After adjusting for all variables, higher FT4 was independently correlated with an elevated risk of CVD, while a higher FT3/FT4 ratio was independently correlated with a decreased risk of CVD, with a nonsignificant trend toward a lower CVD risk for FT3. Similar to our study, a large population-based survey showed that in the euthyroid general population, the risk of CVD during follow-up in the highest tertile of FT4 was 1.32 times higher than that in the lowest tertile (36). A correlation of FT3 with CVD in the general population has not been reported, but seemingly inconsistent with our study, Kim HJ et al. showed that high baseline FT3 levels in the general population were associated with the development of metabolic syndrome (37). Interestingly, after the development of CVD, the normal negative feedback regulation of thyroid function may be disrupted by the disease, resulting in decreased serum FT3 but no significant change in FT4 or TSH, this phenomenon is also known as the low-T3 syndrome (38–42). In these diseases, the reduction in T3 is likely due to reduced deiodination of the conversion of T4 to T3, changing T4 metabolism to greater amounts of physiologically inactive reverse T3 (43). Based on the above, we boldly speculate that in our study, high levels of FT4 may lead to the occurrence of CVD, and CVD causes a decrease in deiodinase activity, which in turn leads to a decrease in T3, so FT4 and CVD are positively correlated, while FT3 and the FT3/FT4 ratio are negatively correlated with CVD, but this needs to be confirmed by further prospective studies.
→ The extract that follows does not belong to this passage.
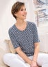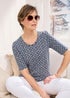 Cotton Traders Navy 1/2 Sleeve Printed Scoop Neck Top

There are certain limitations to our research. First, this evaluation of the links between thyroid hormone levels and CVD was based on cross-sectional data and therefore could not establish a causal relationship. At the same time, we were unable to obtain data on unrecognized CVD in patients, which may affect the accuracy of the results. Still, due to our large sample size and good adjustment for collected confounders, we provide the best available evidence for assessing the associations between thyroid hormone levels and CVD in humans. Second, we cannot completely rule out measurement error, since a single serum thyroid assay was done on each volunteer, though thyroid hormone levels in a given person stay within a narrow range over time (44). Finally, although we controlled for many possible confounders, our findings may be affected by residual confounders, random error, or factors that were not controlled for, since the many factors that affect CVD and survival can bias the outcomes.
Conclusions
In U.S. adults without prior thyroid disease, FT3, FT4, and the FT3/FT4 ratio were all independent predictors of all-cause death. FT4 and the FT3/FT4 ratio, but not FT3, were shown to be independent predictors of cardiovascular mortality and CVD risk. Along with the FT3 and FT4 concentrations, we should pay equal attention to the FT3/FT4 ratio in the general population.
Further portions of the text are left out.